> [What is needed] Reproduce, exactly and in full, the lines from the one with "380g/m², vonkajšia vrstva: 55%" through the one with "Close Up Black" in the data below; drop pictures.

> [Source data]
□ □ □ □ □ □ □

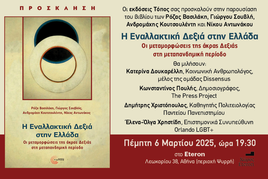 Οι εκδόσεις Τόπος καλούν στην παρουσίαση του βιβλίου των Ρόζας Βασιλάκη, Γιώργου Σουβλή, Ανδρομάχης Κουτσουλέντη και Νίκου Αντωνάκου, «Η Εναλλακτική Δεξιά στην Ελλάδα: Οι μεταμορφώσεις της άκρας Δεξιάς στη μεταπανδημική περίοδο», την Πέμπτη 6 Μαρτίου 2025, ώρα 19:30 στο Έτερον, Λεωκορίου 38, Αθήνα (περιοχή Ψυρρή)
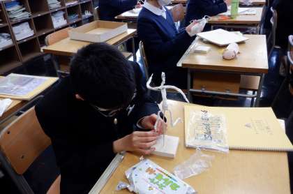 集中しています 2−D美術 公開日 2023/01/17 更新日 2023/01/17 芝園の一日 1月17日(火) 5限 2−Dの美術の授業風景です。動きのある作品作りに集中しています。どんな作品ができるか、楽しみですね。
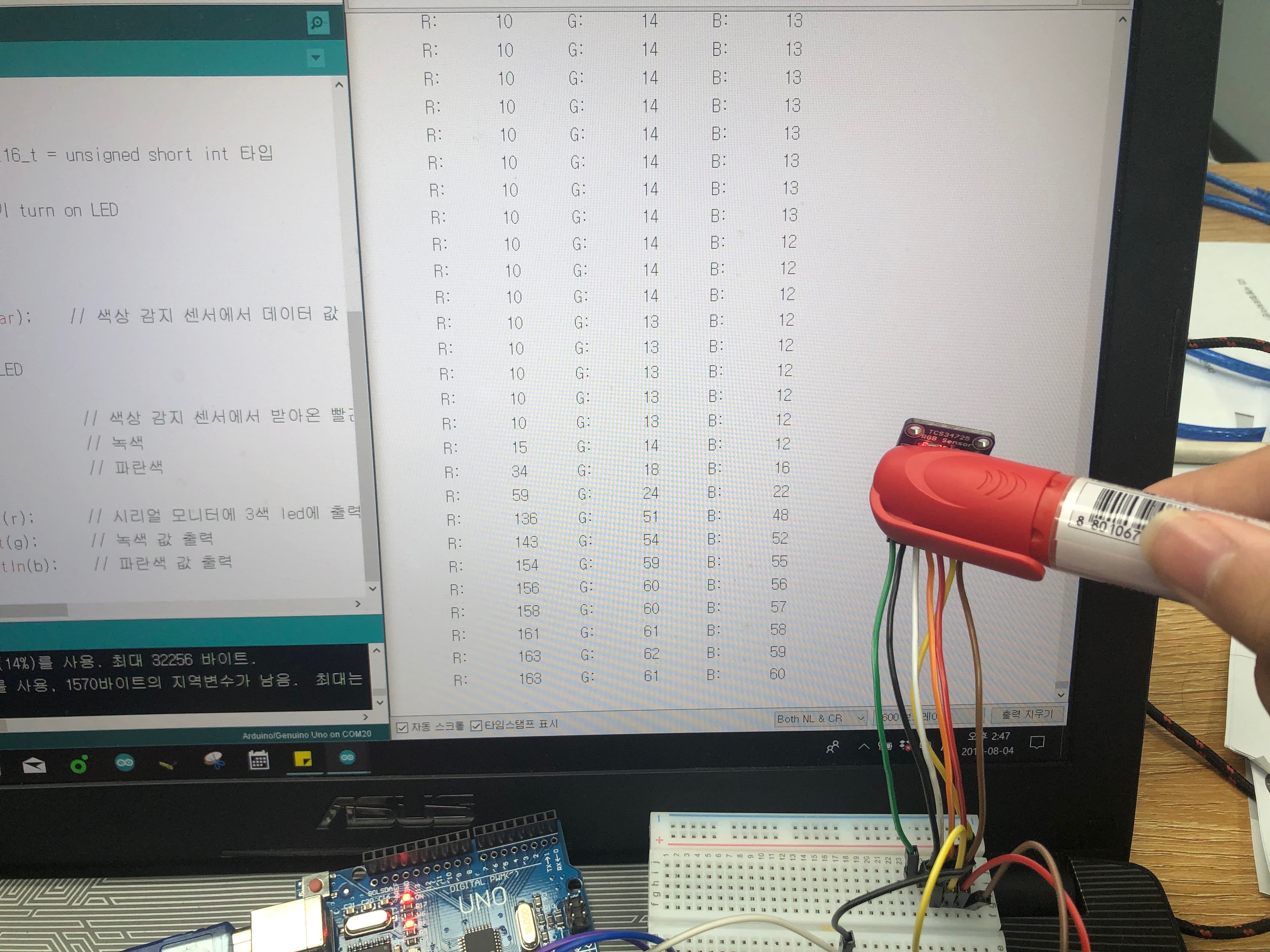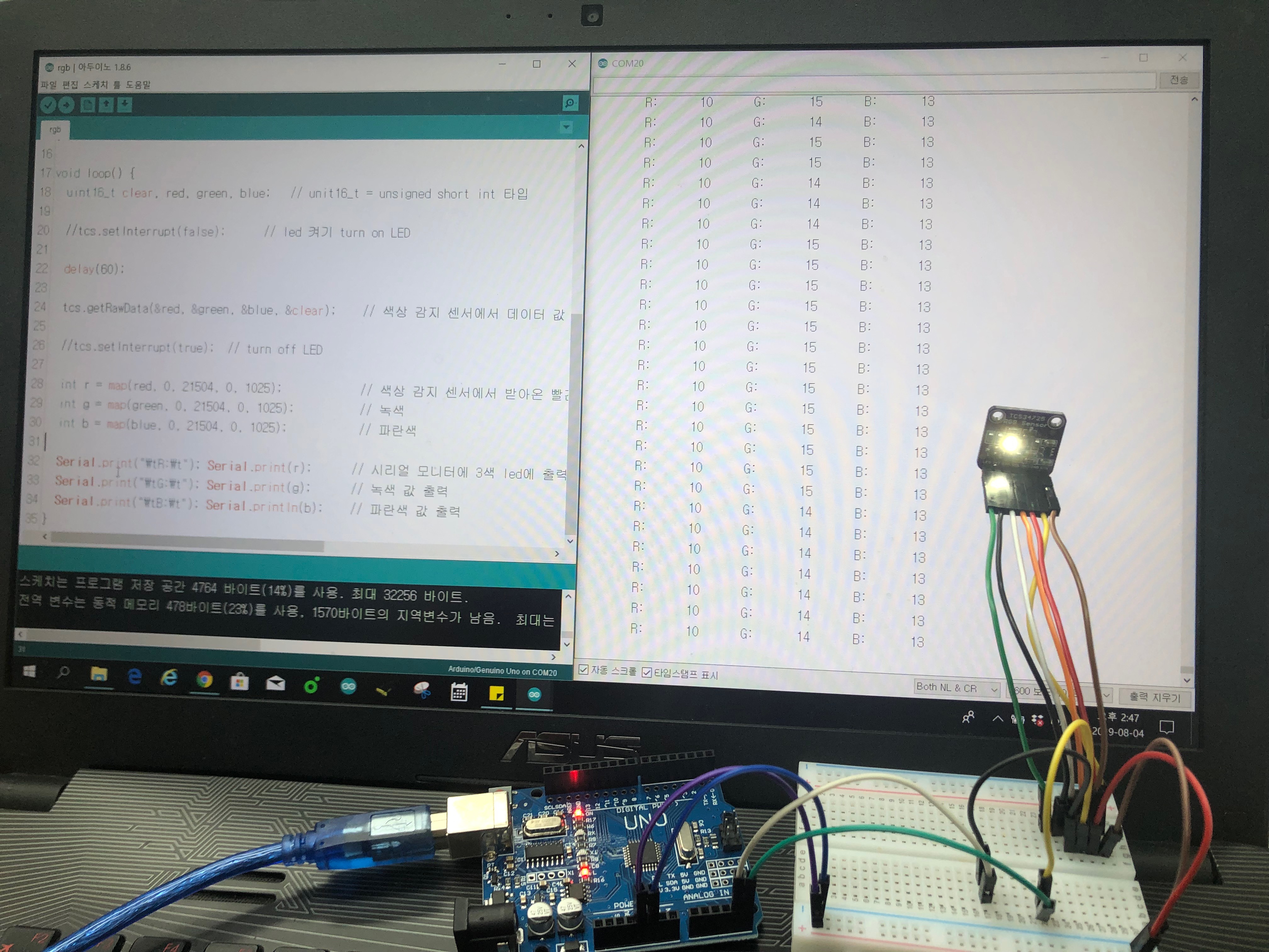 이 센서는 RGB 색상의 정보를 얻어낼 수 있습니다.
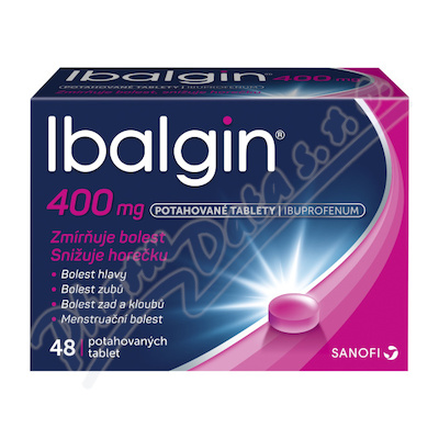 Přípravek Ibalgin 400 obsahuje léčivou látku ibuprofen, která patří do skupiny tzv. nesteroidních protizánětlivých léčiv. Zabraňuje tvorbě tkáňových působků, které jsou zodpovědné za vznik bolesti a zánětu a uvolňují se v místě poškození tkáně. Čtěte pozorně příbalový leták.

□ □ □ □ □ □ □

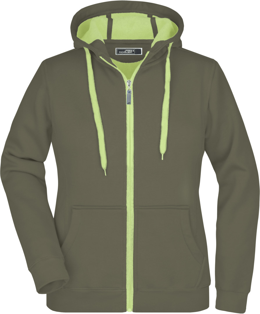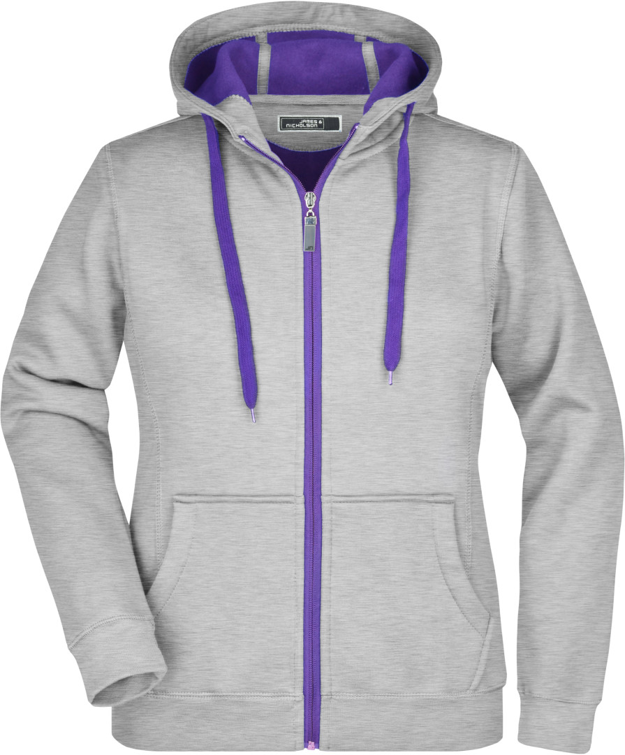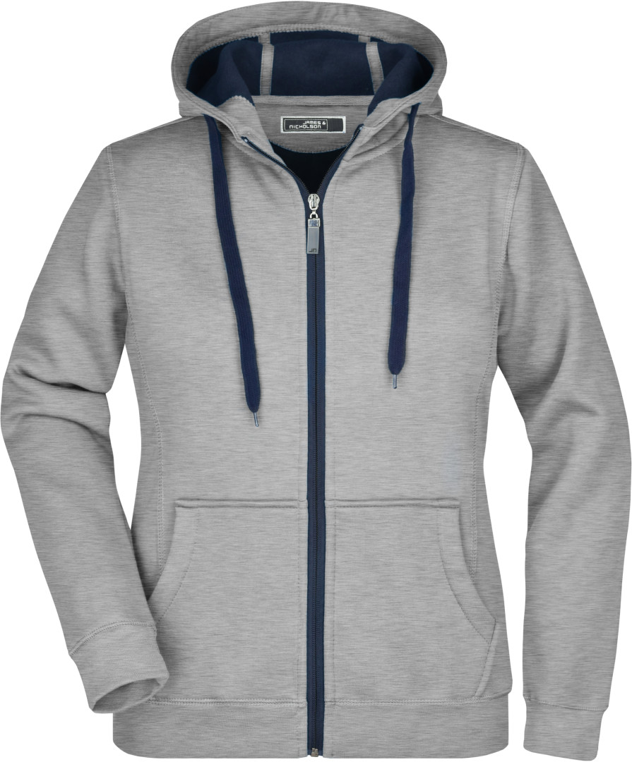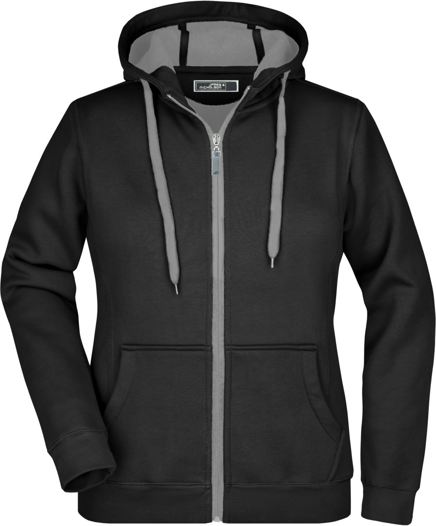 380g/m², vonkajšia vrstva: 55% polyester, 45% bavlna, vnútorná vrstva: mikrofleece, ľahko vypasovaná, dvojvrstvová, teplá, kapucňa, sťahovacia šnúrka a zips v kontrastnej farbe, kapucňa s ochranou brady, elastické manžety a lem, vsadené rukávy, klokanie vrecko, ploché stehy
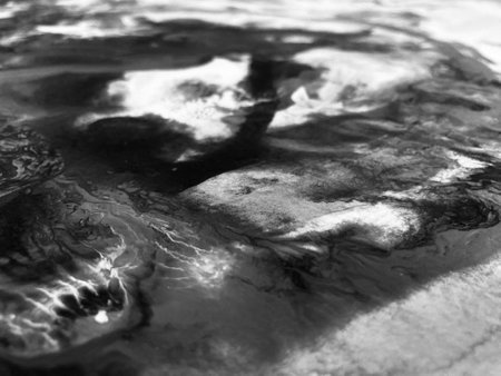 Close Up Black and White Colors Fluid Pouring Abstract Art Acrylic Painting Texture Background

□ □ □ □ □ □ □

> [Exercise result]
 380g/m², vonkajšia vrstva: 55% polyester, 45% bavlna, vnútorná vrstva: mikrofleece, ľahko vypasovaná, dvojvrstvová, teplá, kapucňa, sťahovacia šnúrka a zips v kontrastnej farbe, kapucňa s ochranou brady, elastické manžety a lem, vsadené rukávy, klokanie vrecko, ploché stehy
 Close Up Black and White Colors Fluid Pouring Abstract Art Acrylic Painting Texture Background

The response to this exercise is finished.